Let $$f$$ be a real polynomial of degree $$n$$ such that $$f(x) = f'(x) \cdot f''(x)$$, for all $$x \in \mathbb{R}$$. If $$f(0) = 0$$, then $$36\left(f'(2) + f''(2) + \int_0^2 f(x)\,dx\right)$$ is equal to :

The functional equation is $$f(x)=f'(x)\,f''(x)$$ and $$f$$ is a real polynomial of degree $$n$$.

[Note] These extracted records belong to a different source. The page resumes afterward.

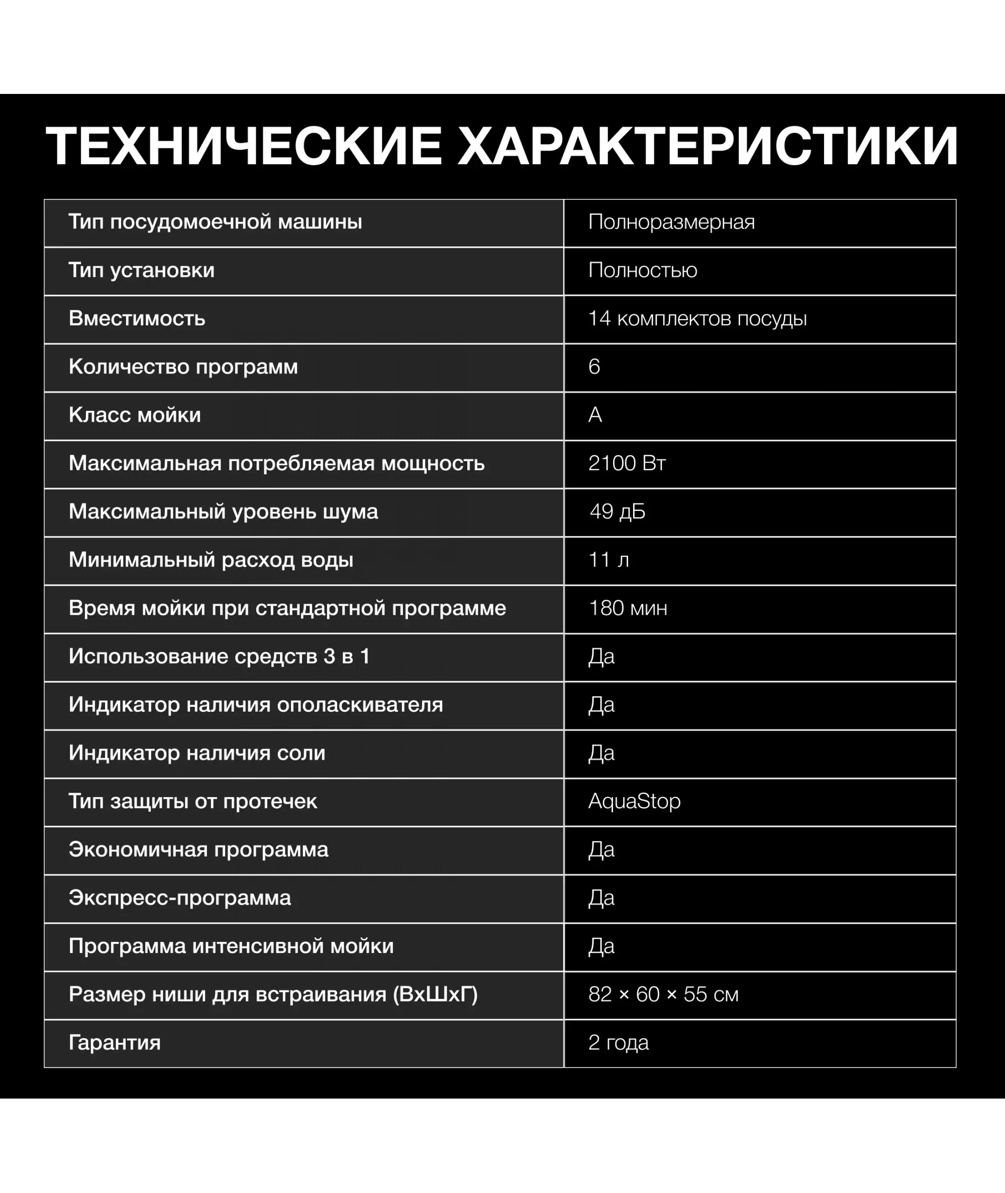 | Тип посудомоечной машины | полноразмерная |
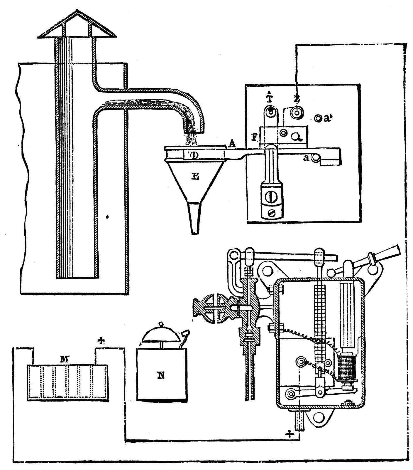 1. The Lartigue Controller (Fig. 15).—This apparatus consists of a long lever, A, which carries at one of its extremities a funnel, E, having a very narrow orifice and which is placed under the overflow pipe of the tank. The lever is kept normally in a horizontal position by a counterpoise; but, as soon as the overflow runs into the funnel, the weight of the water tilts the lever, and the mercurial commutator, F, closes the circuit of a pile, which actuates an alarm-bell located near the pump and engine. The two stops, a and a', limit the play of the lever.
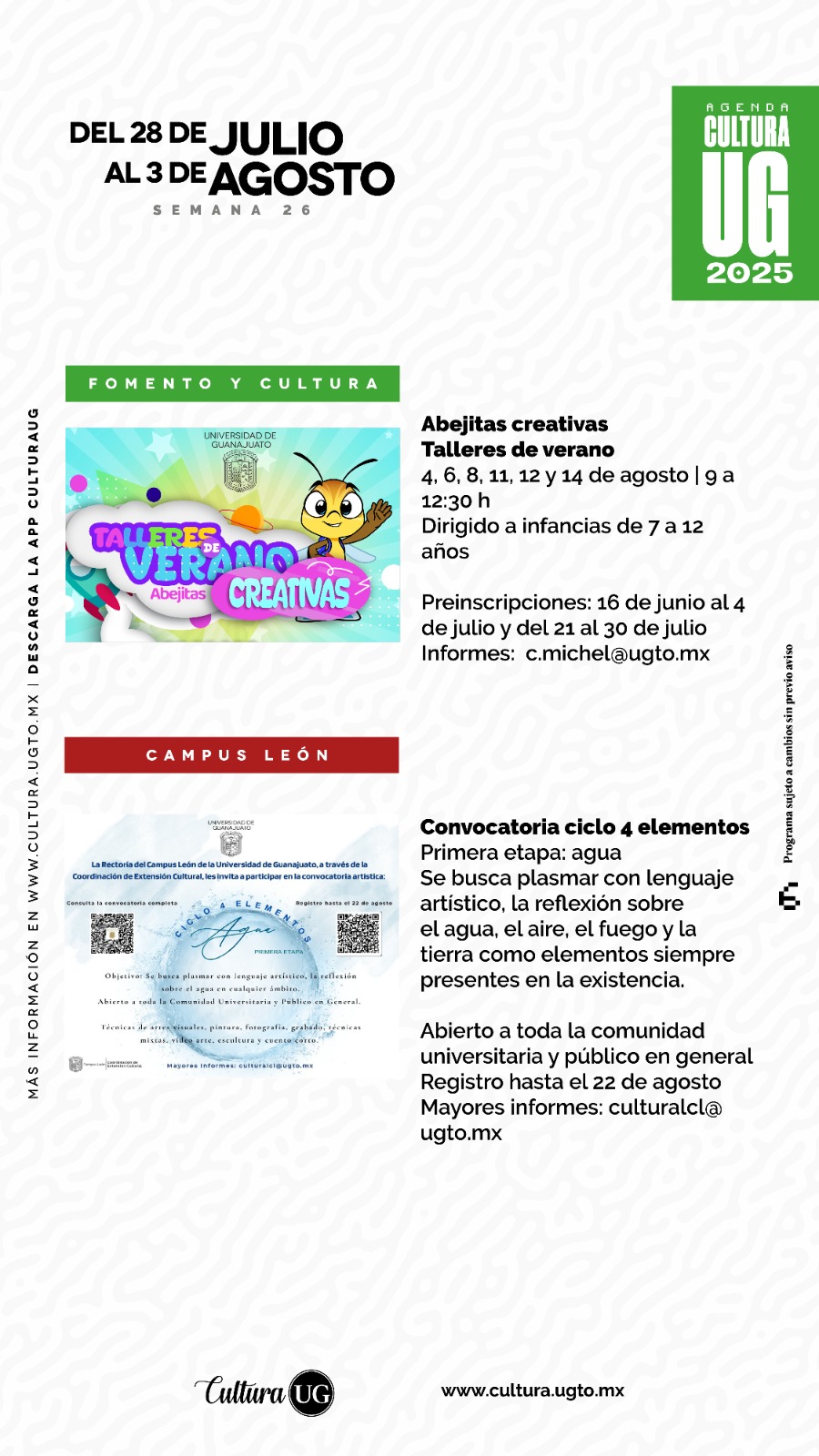 La programación está sujeta a cambios sin previo aviso. Se recomienda consultar actualizaciones en el sitio oficial www.cultura.ugto.mx, en redes sociales o en la aplicación @Cultura UG.
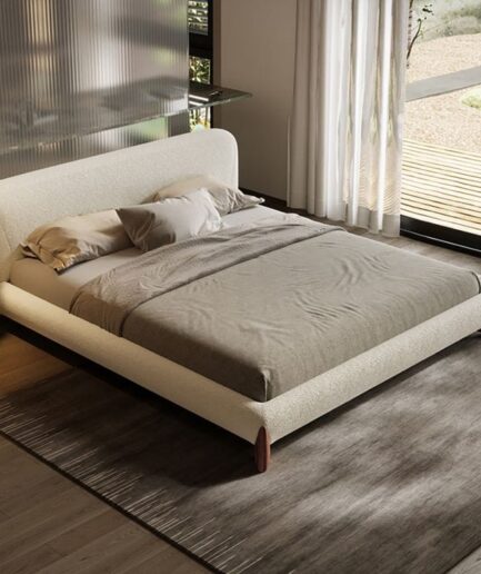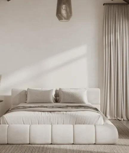 Modern White Boucle Platform Bed | Luxurious Bedroom Decore

Step 1 Find the degree of $$f$$.
If $$\deg f=n$$ then $$\deg f'=n-1$$ and $$\deg f''=n-2$$, so $$\deg\bigl(f'(x)\,f''(x)\bigr)=(n-1)+(n-2)=2n-3.$$ Since this equals $$\deg f=n$$, we get $$n=2n-3\;\Longrightarrow\;n=3.$$ Hence $$f$$ is a cubic polynomial.

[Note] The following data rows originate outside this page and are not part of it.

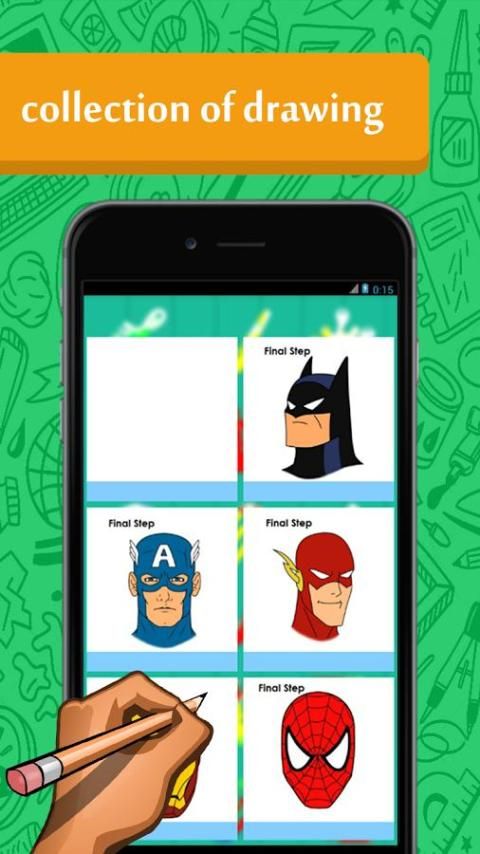 Superman, Batman, Wonder Woman, Flash, Green Lantern, Aquaman, Mars Manhunter, Hawkgirl, Captain Marvel dan lebih Cukup pilih karakter anime Anda ingin menarik dan mulai mengikuti langkah demi langkah tutorial untuk mendapatkan salinan dari hasil imbang Anda di Anda telepon.
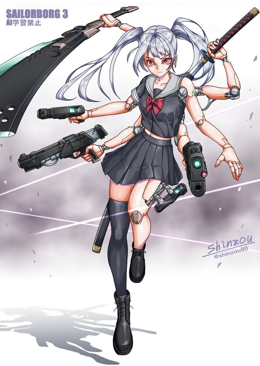 『セーラーボーグ3』 戦闘サイボーグ「BORG」シリーズ第3弾です!6本のロボットアームを持つ少女サイボーグ!メカ的なマニピュレーターではなく人間の腕を模したデザインにしました。とても楽しんで描けました♪ #イラスト #illustration #オリジナル #サイボーグ #メカ pic.x.com/f3XPQh3OCF
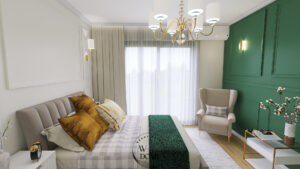 Sypialnia w stylu klasycznym z zieloną ścianą, złotymi dodatkami i miękkimi tkaninami. Przytulna, jasna przestrzeń sprzyjająca relaksowi i odpoczynkowi.
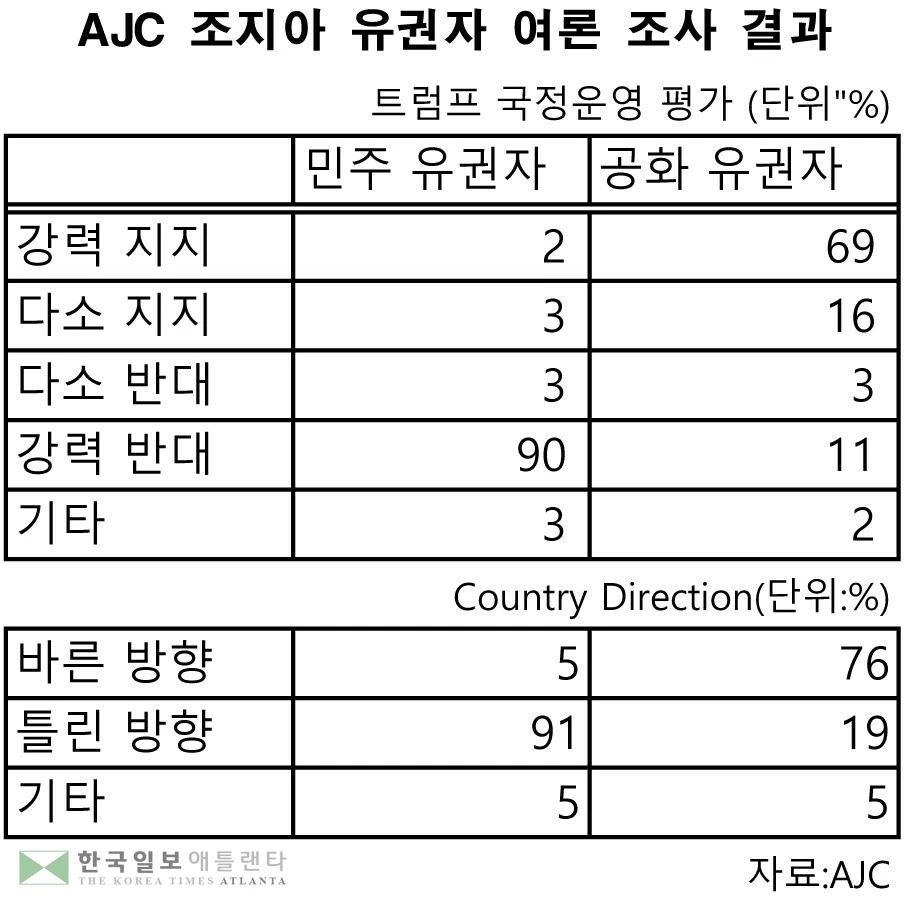 조지아의 정치 지형이 여전히 양극화 상태를 벗어나지 못하고 있는 것으로 조사됐다. 공화당 유권자 다수가 도널드 트럼프 대통령을 강력하게 지지하는 한편 민주당 유권자 절대 다수는 트럼프에 강력 반대하는 것으로 나타났다.
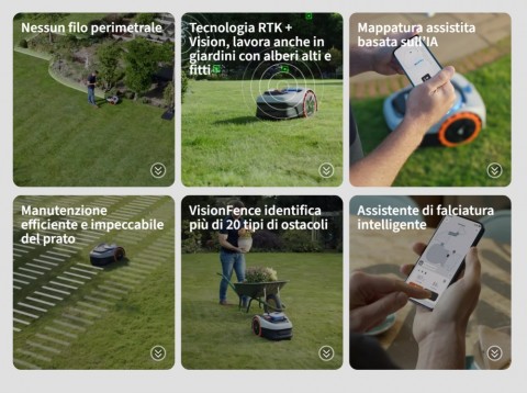 E' un rasaerba robot autonomo che non richiede l'installazione di fili perimetrali: si muove nel giardino utilizzando la tecnologia RTK (su base GPS) e il sistema digitale di riconoscimento ostacoli VISIONFENCE.
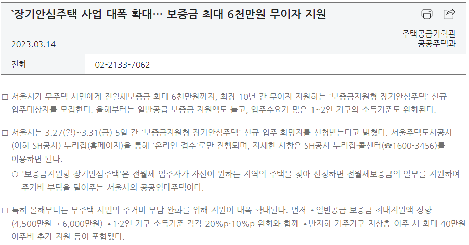 | 2023년 서울시 장기안심주택 주의점, 지원대상, 지원내역 (1) | 2023.03.15 |

Step 2 Write the general cubic and impose $$f(0)=0$$.
Let $$f(x)=ax^{3}+bx^{2}+cx+d.$$ Given $$f(0)=0$$, we have $$d=0$$, so $$f(x)=ax^{3}+bx^{2}+cx.$$

Step 3 Compute derivatives.
$$f'(x)=3ax^{2}+2bx+c,\qquad f''(x)=6ax+2b.$$

Step 4 Use the equation $$f=f' f''$$.
Set $$ax^{3}+bx^{2}+cx=(3ax^{2}+2bx+c)(6ax+2b).$$ Expanding the right side:

$$\begin{aligned}$$ (3ax^{2}+2bx+c)(6ax+2b) &=18a^{2}x^{3}+18abx^{2}+(4b^{2}+6ac)x+2bc. \end{aligned}

Equate coefficients with $$ax^{3}+bx^{2}+cx$$:

$$$ \begin{cases} \text{$$x^{3}$$:}& a = 18a^{2},\\[4pt] \text{$$x^{2}$$:}& b = 18ab,\\[4pt] \text{$$x$$:}& c = 4b^{2}+6ac,\\[4pt] \text{constant:}& 0 = 2bc. \end{cases} $$$

Cubic coefficient: $$a=18a^{2}\;\Longrightarrow\;a\neq0\ \Rightarrow\ 18a-1=0\;\Rightarrow\;a=\dfrac1{18}.$$

Constant term: $$0=2bc\;\Rightarrow\;b=0\ \text{or}\ c=0.$$

Quadratic coefficient: $$b=18ab=18\cdot\dfrac1{18}\,b=b,$$ always true.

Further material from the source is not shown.